Why Your Taxes Keep Bailing Out Bombardier

With so many jobs and so much money on the line, the company is running the political equivalent of a protection racket

Photo by kenneth-cheung
kenneth-cheung

In a way, you have to admire their gall. After all, if you’d just gone to the government, hat in hand, begging for billions of dollars in taxpayer money to help save your failing business, you probably wouldn’t go looking for a raise. But that’s exactly what the executives at Quebec’s Bombardier received—and accepted—just months after hitting up the federal government for $372.5 million in interest-free loans and the government of Quebec for a $1 billion (US) investment in its troubled C-Series division, which was $2.2 billion over budget and more than two years late on its orders. And they didn’t just get a cost of living increase, either—the company’s six highest-paid executives saw their compensation rise by nearly 50 percent, to a combined total of $32.7 million. Even Postmedia’s Paul Godfrey, the CEO of a company that has a habit of handing out raises to its executives while it lays off its employees, would think twice about collecting a payout so conspicuously offside.

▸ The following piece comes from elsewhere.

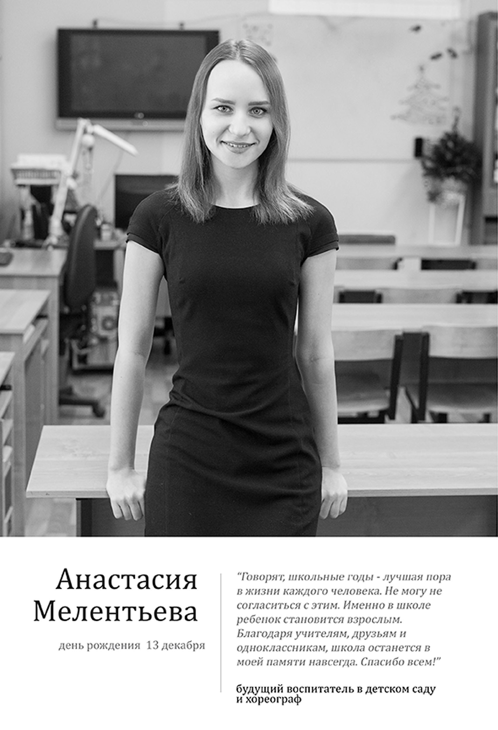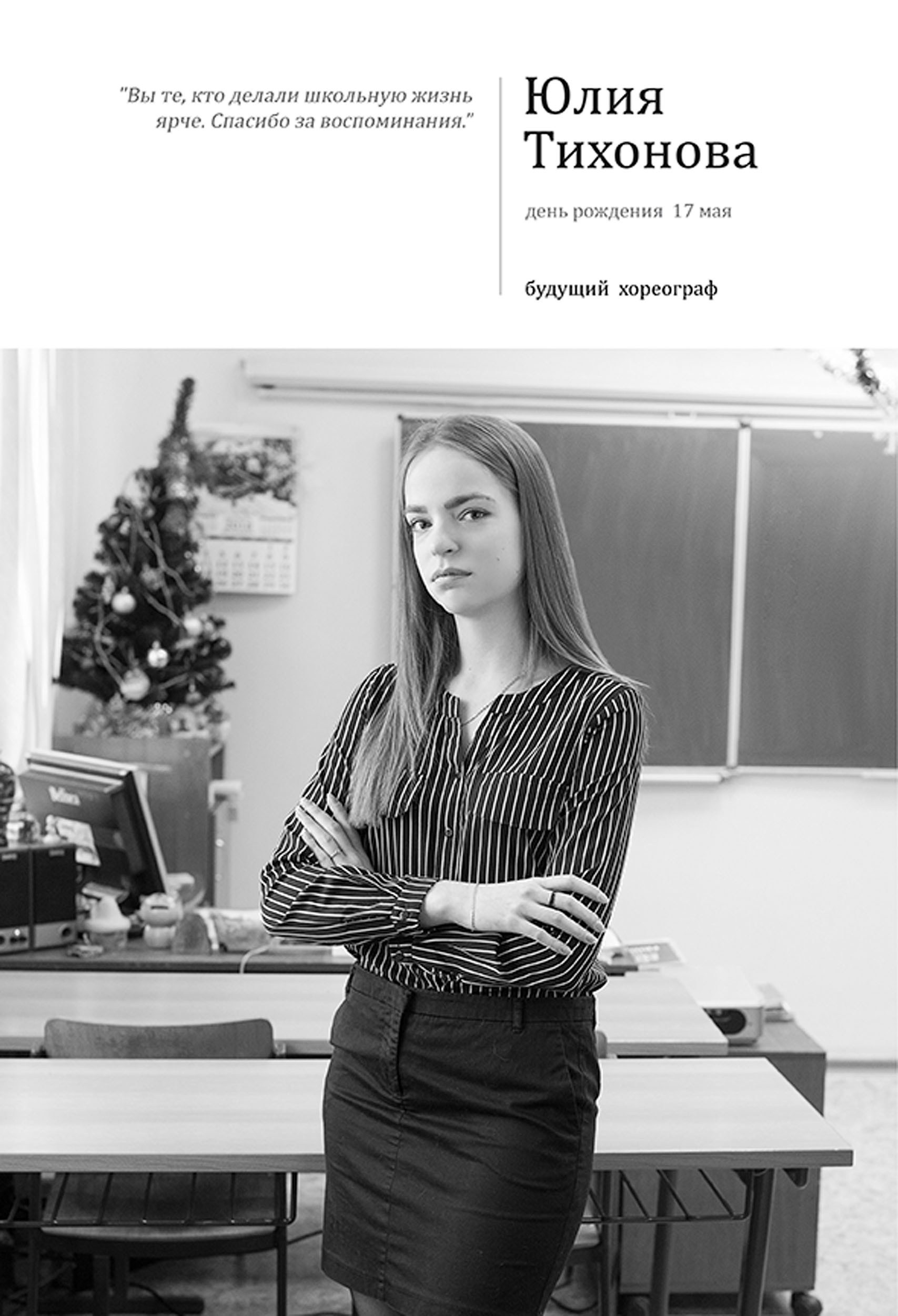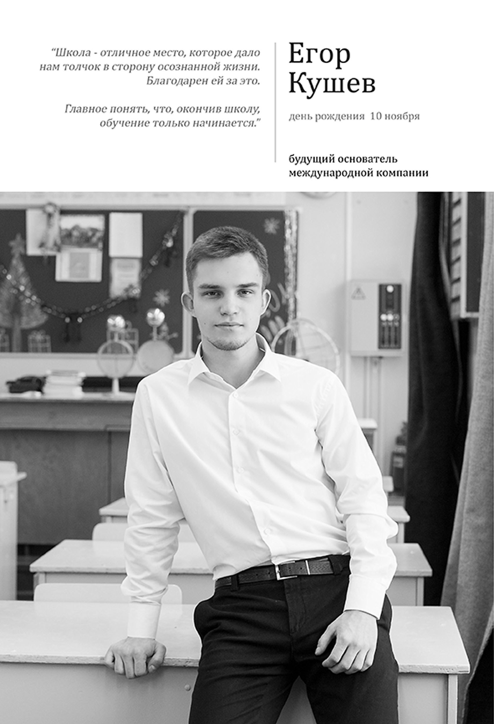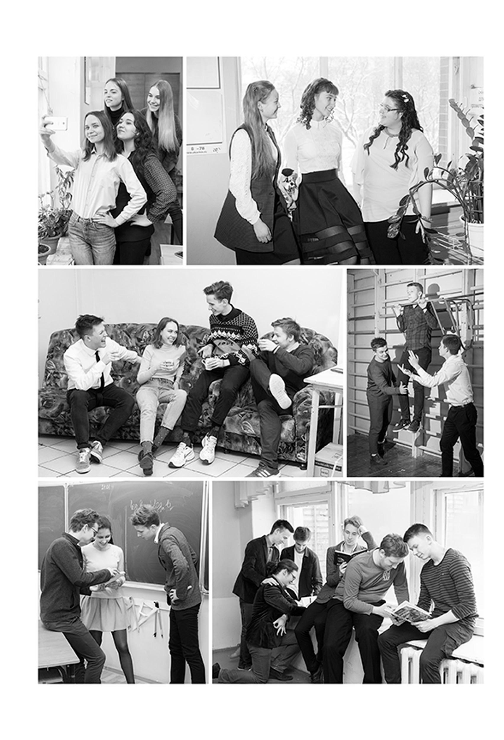 - личные развороты всех одноклассников в разных локациях (страница А4 формата)

Bombardier can afford to be so brazen for two reasons. First, for all the government money that’s been poured into its coffers over the course of its fifty-year existence—upwards of $4 billion, according to some estimates—it’s still run like a family compact. The company’s dual-class structure ensures that the Bombardier family and that of Laurent Beaudoin, the son-in-law of founder Joseph-Armand Bombardier, retain full control over who runs the company. Unlike virtually all publicly-traded companies, the voting shares at Bombardier—the ones that decide who gets appointed to the board, who sits in its head offices, and ultimately who determines its direction—aren’t for sale. This structure isn’t unique to Bombardier, and it isn’t necessarily a guarantee that a company will be run poorly. But when a company with a dual-class structure is run poorly, that structure makes it far more difficult to do anything about it.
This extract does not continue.